Version 3.1.0 - November 10, 2014

The final Meter 3.1.0 build is 3.1.1-499, available as of Nov 10th, 2014.

Features

Boundary Premium Agent Relay Integration

Boundary Meter 3.1.0 integrates the functionality of both the Boundary Agent and Relay programs. New features that are implemented in the meter as a result of this integration are:

  • Send metrics to both Boundary Premium and Boundary Enterprise with a single meter
  • Boundary Premium Plugin support (no need to install a Relay)
  • Support for relaying SDK performance metrics to Boundary Premium

All of these features are equally supported across the same operating systems that the Boundary Meter supports. You can provision the meter to send to Boundary Premium or Enterprise independently, or add either service after installation.

 

The meter does not connect to the premium backend as a traditional 'agent', only as a relay.

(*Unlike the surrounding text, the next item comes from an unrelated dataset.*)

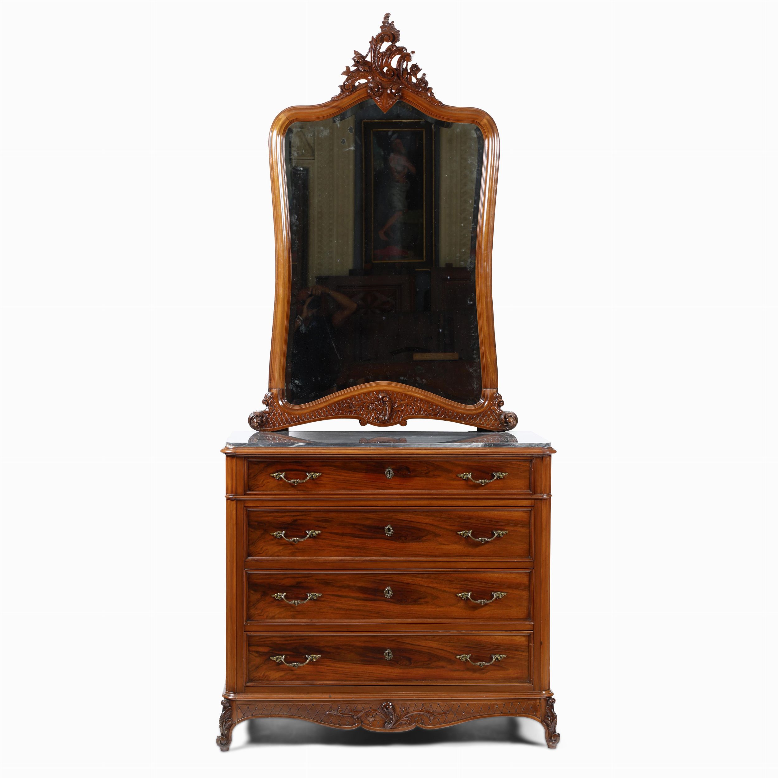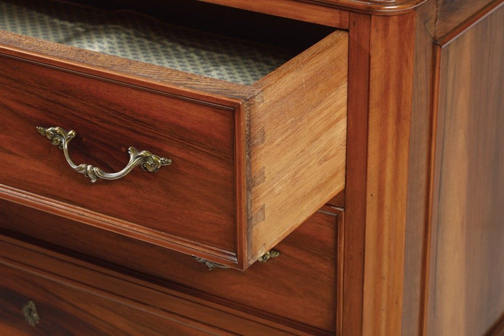Comò in legno a quattro cassetti con specchiera. XIX secolo

So, it will currently only show up in the UI as a relay. There are some backend/UI changes required to remove this distinction so the concept of a 'relay' and an 'agent' will eventually be removed from the rest of the Boundary Premium product.

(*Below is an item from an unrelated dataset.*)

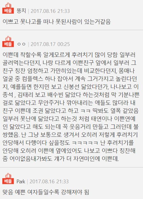 작성자는 “일부러 예쁜 애들에게만 못 되게 구는 것은 보기 안 좋다며 마음을 곱게 먹자”면서 글을 마쳤다.
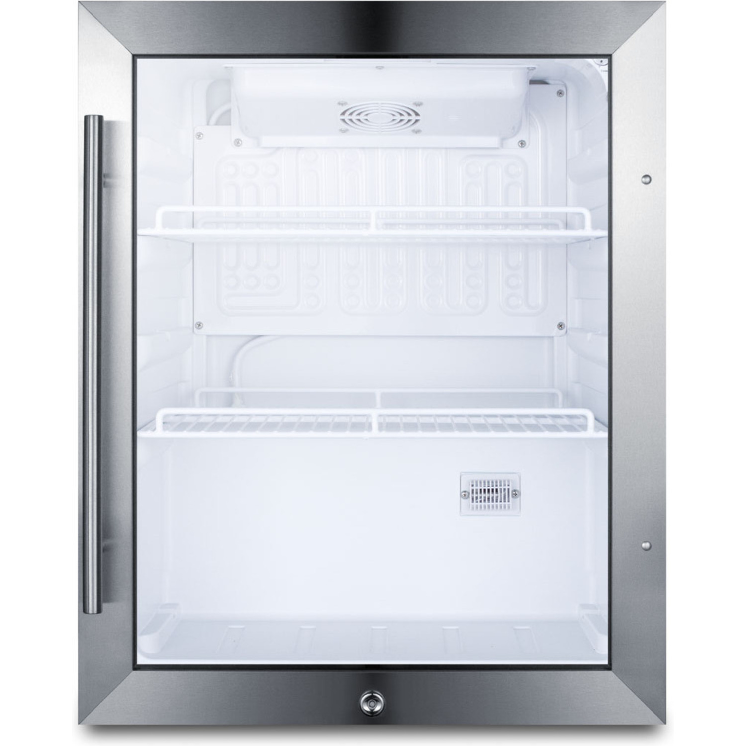 Inside, the SCR314L features LED lighting to provide an attractive display when the door is opened. Two adjustable wire shelves offer plenty of storage options, and the white interior finish helps to provide better visibility for stored products. This unit utilizes automatic defrost to reduce user maintenance. The sealed back offers added space savings and easier cleanup.

To provision a meter for Boundary Premium, any of the following methods works:

  • With an existing meter installation, simply add your premium API "token" and set the "enable" attribute to true in the meter.conf configuration file. See below for more details on elements of the configuration file.
  • Using the setup_meter.sh script or the INSTALLTOKEN environment variable, append your premium API token to your existing Boundary Enterprise token with a comma, e.g. 4FtQaHhAFejk0mhb1SJHKx8nzrL:4z84GMGQSr8Ue5xqteAqfY0Q3WW,api-XXXXXXXXX.
  • Use the meter command line to integrate the API key into your configuration file, e.g. 'boundary_meter -l create -p api-XXXXXXXXX' automatically merges your premium API key into the meter.conf configuration file.
  • Add your premium API token to the chef or puppet configuration

Plugin Process Isolation

The Boundary Relay is a Node.js program and generally requires running as the 'root' user. Boundary Meter 3.1.0 implements the plugin relay functionality as a separate process running as the new unprivileged 'boundary' user. This improves security and limits damage that an potentially buggy plugin could cause to a system. The meter is able to automatically restart plugins and the plugin manager process if problems are detected.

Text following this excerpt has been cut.